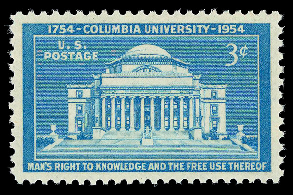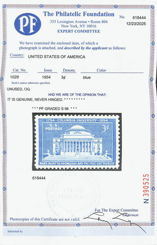 7340 nh 1029 image1954, 3¢ Columbia University (Scott 1029), o.g., never hinged, Superb, with 2025 P.F. certificate graded SUP 98.
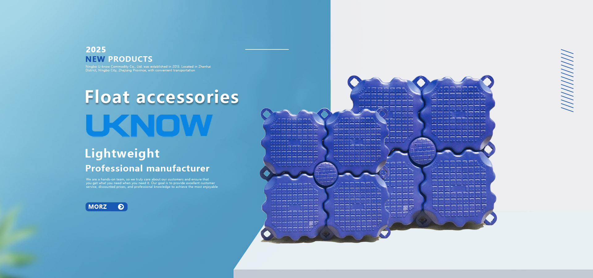 Ningbo U-know Commodity Co., Ltd. was established in 2013. Located in Zhenhai District, Ningbo City, Zhejiang Province, with convenient transportation. So far, the company continues to be a leader in innovative design, materials, manufacturing quality, and value. All of our products are made of tough, impact resistant high-density polyethylene and can withstand temperatures below zero degrees Celsius. We specialize in producing various high-quality, lightweight, but very durable products such as floating dock pontoons, floating barriers, and balls. We are a hands-on team, so we truly care about our customers and ensure that you get what you need when you need it. Our goal is to provide excellent customer service, discounted prices, and professional knowledge to achieve the most enjoyable customer experience.
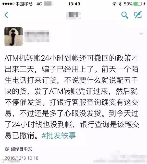 另有网友爆料称,前天一个陌生电话打来订货,不说要什么就说配5000块的货,发了ATM转账凭证过来,然后就不停催发货,打银行客服查询确实有这交易,不过还是多了心眼没发货,到今天了24小时钱也没到账,银行查询是该笔交易已撤销。
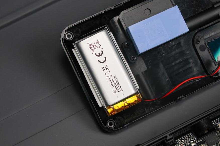 Корпус разбирается легко. Ёмкость аккумулятора 1500мАч, имеется теплоотвод с контроллера на корпус, но его маркировка затерта.
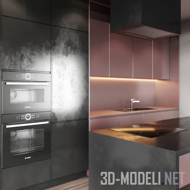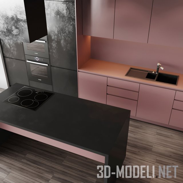 Современная черно-розовая кухня с островной секцией и встроенной техникой. Габариты гарнитура без островной секции: 427,5х267,5х627см. Габарит «острова»: 200х86х90см. Варочная поверхность встроена в черную столешницу острова. Вытяжка в черном коробе размещена над варочной поверхностью. Фасады прямые, без ручек. Под навесными секциями смонтирована лента с подсветкой.
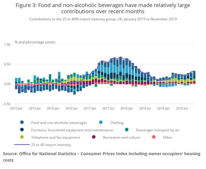 Contributions to the 25 to 40% import intensity group, UK, January 2015 to November 2019
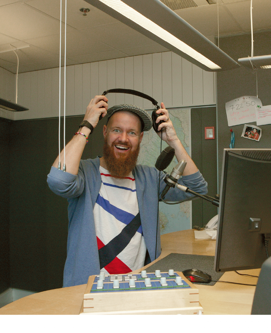 Skägget är yvigt, tofflorna veganska, och om handleden har han ett armband som dottern pärlat. Han håller på att planera för dagens program, som ska handla om kändismöten. Ämnesidéerna får han från världen utanför radiostudion, på Ica eller när han leker med sina barn. Han konstaterar därför att det för honom är ett karriärdrag att arbeta 75 procent och att han samtidigt aldrig är ledig.
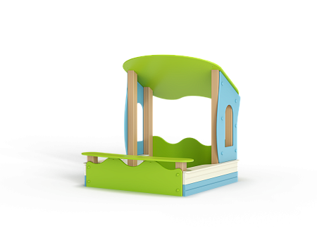 Песочница с навесом выполнена из бруса, фанерных стенок с художественным оформлением, опорных столбов, фанерных накладок-сидений, фанерного навеса.
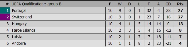 Bảng B: Andorra, Faroe Islands, Hungary, Latvia, Bồ Đào Nha, Thụy Sỹ
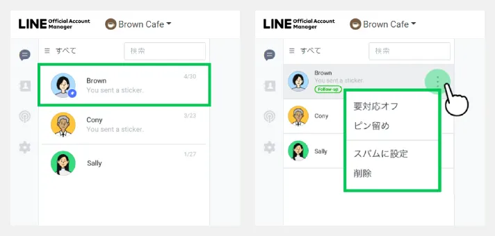 「ピン留め」機能を使えば、対応中や未返信のメッセージを上部に固定表示できるため、重要なやり取りを見逃さず対応可能です。加えて、「要対応」や「スパム」のラベルを設定すれば、優先順位付けや不適切なユーザー管理も容易になります。さらに、悪質なメッセージや不要な履歴については「削除」することもできるため、運用画面を常に整理された状態で保つことができます。
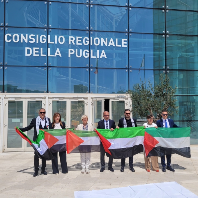 Bandiere palestinesi rovesciate nel flash mob davanti alla Regione. Mozione pro Palestina in ConsiglioBandiere palestinesi rovesciate nel flash mob tenutosi questa mattina davanti all'ingresso della sede del Consiglio regionale della Puglia, per condannare in maniera ferma lo sterminio della popolazione palestinese, ma anche per testimoniare che, in questo particolare momento storico, sono letteralmente ribaltate le priorità e cancellati i diritti umani di un intero popolo.
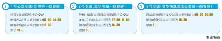 海口还设置园区临时免费摆渡专线,4月3日至5日安排公交车从颜春岭公墓园区入口周边停车场往返园区内,滚动发班,为祭扫市民提供免费公交摆渡服务。加大57路(外滩中心至海南生态软件园)、59路(火车东站至海口综合保税区)2条常规公交线路发班密度,线路运营站点及票价不变。
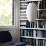 ネルソンバブルンプシリーズのひとつシガーロータスランプは、細長い球体のフォルムにすっきりとした平行線がアクセントを加えています。スチール製のベースに取り付けられたランプが、柔らかな明かりを放ちます。バブルランプは、ジョージ・ネルソンがシルクで覆われたスウェーデン製のペンダントランプから着想を得て、1952年にデザインしたものです。
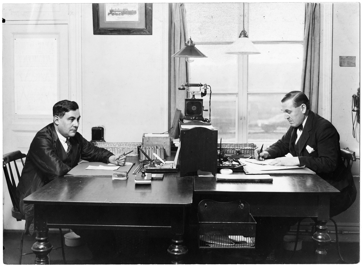 Titel: Lokmästarexpeditionspersonal vid Tomteboda station.
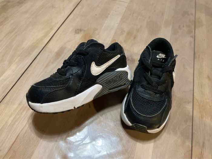 Nike air max bébé en pointure 23,5. Portées mais en excellent état simplement le blanc un peu moins blanc à certains endroits de la semelle (voir photo).
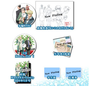 In addition to the actual Sex Pistols episode and the "Yoi Kono Madararui 1" extra, the limited edition of the first DVD volume will add a box illustrated by Kotobuki, a CD with the opening and ending theme songs, and a booklet illustrated by Kotobuki in the style of a gossip magazine supplement. The volume is also tentatively slated to include the school ID card of the character Shiro Fujiwara (Wataru Hatano), two "candid photographs" of the character Yonekuni Madarame (Tomokazu Sugita), and one of two mail-in cards needed for an accessory gift. The second and final planned volume will ship on June 25 with the "Yoi Kono Madararui 2" extra. The second volume's limited edition will add another box illustrated by Kotobuki, the soundtrack CD, another gossip-magazine-style booklet, Madarame's school ID card, two "candid photographs" of Fujiwara, and the last of the mail-in cards.
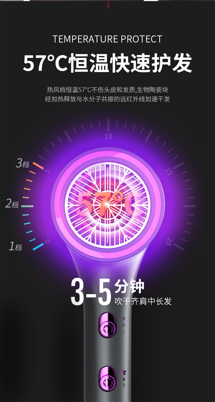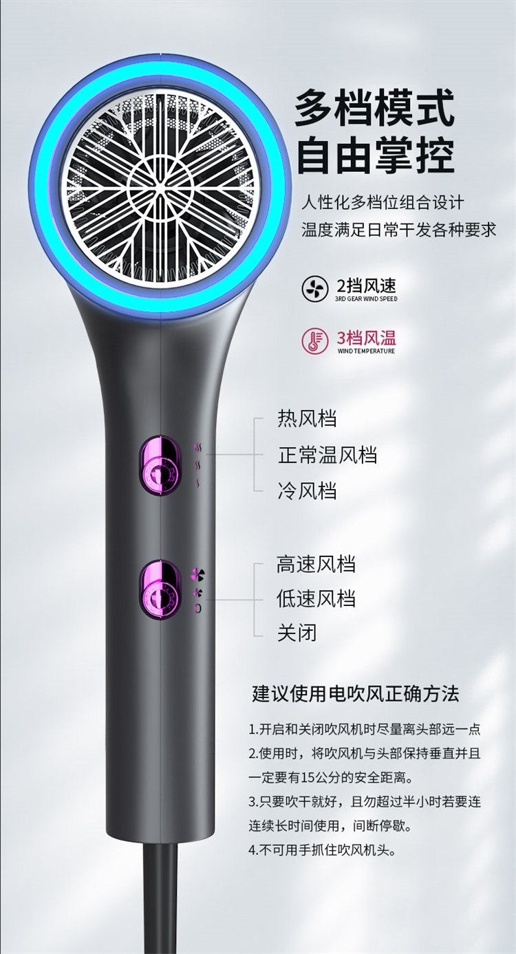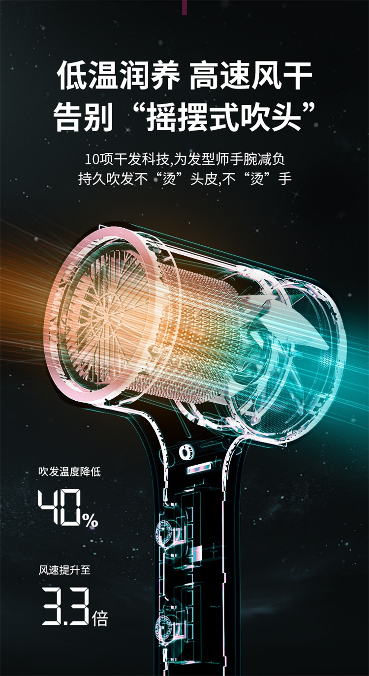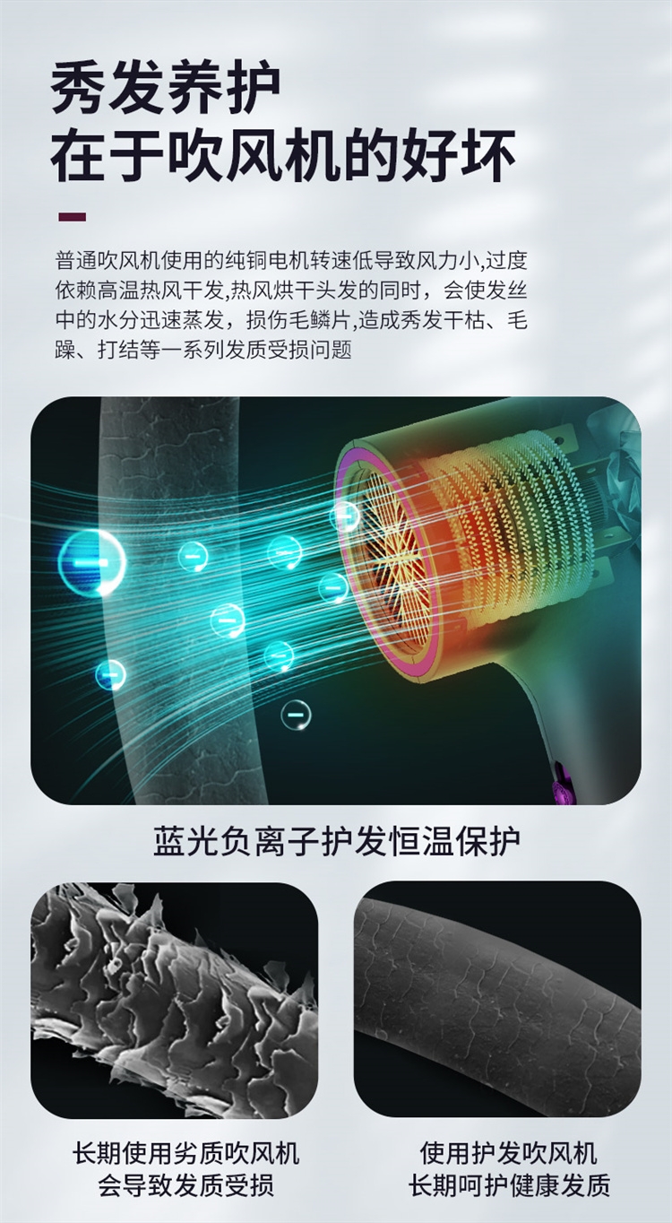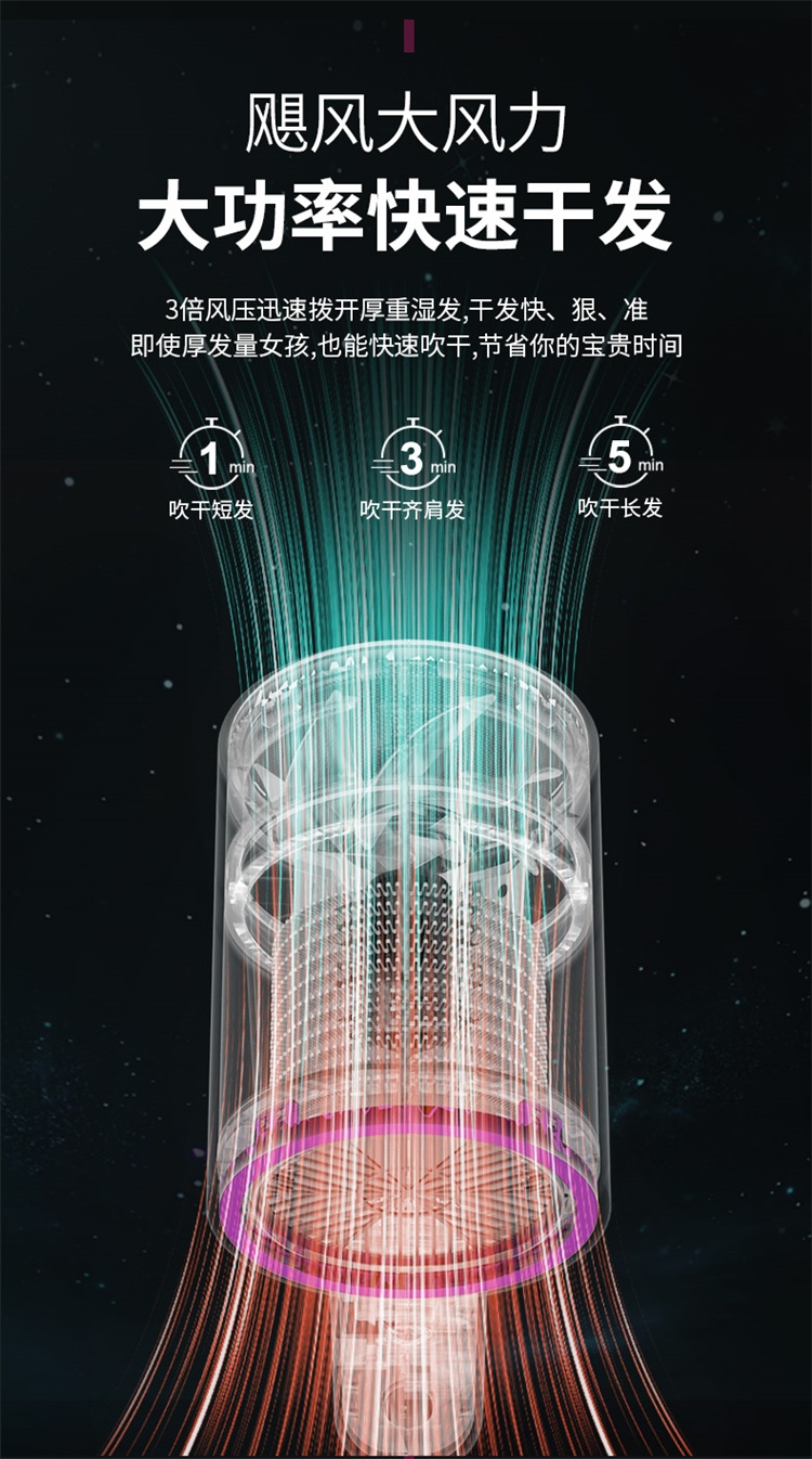 顺泽养护 柔顺盈亮秀发;低温润养 高速风干;飓风大风力大功率快速干发

..............................

__What to produce__
Give back the full listing verbatim, skipping each picture.

__Response__
 7340 nh 1029 image1954, 3¢ Columbia University (Scott 1029), o.g., never hinged, Superb, with 2025 P.F. certificate graded SUP 98.
 Ningbo U-know Commodity Co., Ltd. was established in 2013. Located in Zhenhai District, Ningbo City, Zhejiang Province, with convenient transportation. So far, the company continues to be a leader in innovative design, materials, manufacturing quality, and value. All of our products are made of tough, impact resistant high-density polyethylene and can withstand temperatures below zero degrees Celsius. We specialize in producing various high-quality, lightweight, but very durable products such as floating dock pontoons, floating barriers, and balls. We are a hands-on team, so we truly care about our customers and ensure that you get what you need when you need it. Our goal is to provide excellent customer service, discounted prices, and professional knowledge to achieve the most enjoyable customer experience.
 另有网友爆料称,前天一个陌生电话打来订货,不说要什么就说配5000块的货,发了ATM转账凭证过来,然后就不停催发货,打银行客服查询确实有这交易,不过还是多了心眼没发货,到今天了24小时钱也没到账,银行查询是该笔交易已撤销。
 Корпус разбирается легко. Ёмкость аккумулятора 1500мАч, имеется теплоотвод с контроллера на корпус, но его маркировка затерта.
 Современная черно-розовая кухня с островной секцией и встроенной техникой. Габариты гарнитура без островной секции: 427,5х267,5х627см. Габарит «острова»: 200х86х90см. Варочная поверхность встроена в черную столешницу острова. Вытяжка в черном коробе размещена над варочной поверхностью. Фасады прямые, без ручек. Под навесными секциями смонтирована лента с подсветкой.
 Contributions to the 25 to 40% import intensity group, UK, January 2015 to November 2019
 Skägget är yvigt, tofflorna veganska, och om handleden har han ett armband som dottern pärlat. Han håller på att planera för dagens program, som ska handla om kändismöten. Ämnesidéerna får han från världen utanför radiostudion, på Ica eller när han leker med sina barn. Han konstaterar därför att det för honom är ett karriärdrag att arbeta 75 procent och att han samtidigt aldrig är ledig.
 Песочница с навесом выполнена из бруса, фанерных стенок с художественным оформлением, опорных столбов, фанерных накладок-сидений, фанерного навеса.
 Bảng B: Andorra, Faroe Islands, Hungary, Latvia, Bồ Đào Nha, Thụy Sỹ
 「ピン留め」機能を使えば、対応中や未返信のメッセージを上部に固定表示できるため、重要なやり取りを見逃さず対応可能です。加えて、「要対応」や「スパム」のラベルを設定すれば、優先順位付けや不適切なユーザー管理も容易になります。さらに、悪質なメッセージや不要な履歴については「削除」することもできるため、運用画面を常に整理された状態で保つことができます。
 Bandiere palestinesi rovesciate nel flash mob davanti alla Regione. Mozione pro Palestina in ConsiglioBandiere palestinesi rovesciate nel flash mob tenutosi questa mattina davanti all'ingresso della sede del Consiglio regionale della Puglia, per condannare in maniera ferma lo sterminio della popolazione palestinese, ma anche per testimoniare che, in questo particolare momento storico, sono letteralmente ribaltate le priorità e cancellati i diritti umani di un intero popolo.
 海口还设置园区临时免费摆渡专线,4月3日至5日安排公交车从颜春岭公墓园区入口周边停车场往返园区内,滚动发班,为祭扫市民提供免费公交摆渡服务。加大57路(外滩中心至海南生态软件园)、59路(火车东站至海口综合保税区)2条常规公交线路发班密度,线路运营站点及票价不变。
 ネルソンバブルンプシリーズのひとつシガーロータスランプは、細長い球体のフォルムにすっきりとした平行線がアクセントを加えています。スチール製のベースに取り付けられたランプが、柔らかな明かりを放ちます。バブルランプは、ジョージ・ネルソンがシルクで覆われたスウェーデン製のペンダントランプから着想を得て、1952年にデザインしたものです。
 Titel: Lokmästarexpeditionspersonal vid Tomteboda station.
 Nike air max bébé en pointure 23,5. Portées mais en excellent état simplement le blanc un peu moins blanc à certains endroits de la semelle (voir photo).
 In addition to the actual Sex Pistols episode and the "Yoi Kono Madararui 1" extra, the limited edition of the first DVD volume will add a box illustrated by Kotobuki, a CD with the opening and ending theme songs, and a booklet illustrated by Kotobuki in the style of a gossip magazine supplement. The volume is also tentatively slated to include the school ID card of the character Shiro Fujiwara (Wataru Hatano), two "candid photographs" of the character Yonekuni Madarame (Tomokazu Sugita), and one of two mail-in cards needed for an accessory gift. The second and final planned volume will ship on June 25 with the "Yoi Kono Madararui 2" extra. The second volume's limited edition will add another box illustrated by Kotobuki, the soundtrack CD, another gossip-magazine-style booklet, Madarame's school ID card, two "candid photographs" of Fujiwara, and the last of the mail-in cards.
 顺泽养护 柔顺盈亮秀发;低温润养 高速风干;飓风大风力大功率快速干发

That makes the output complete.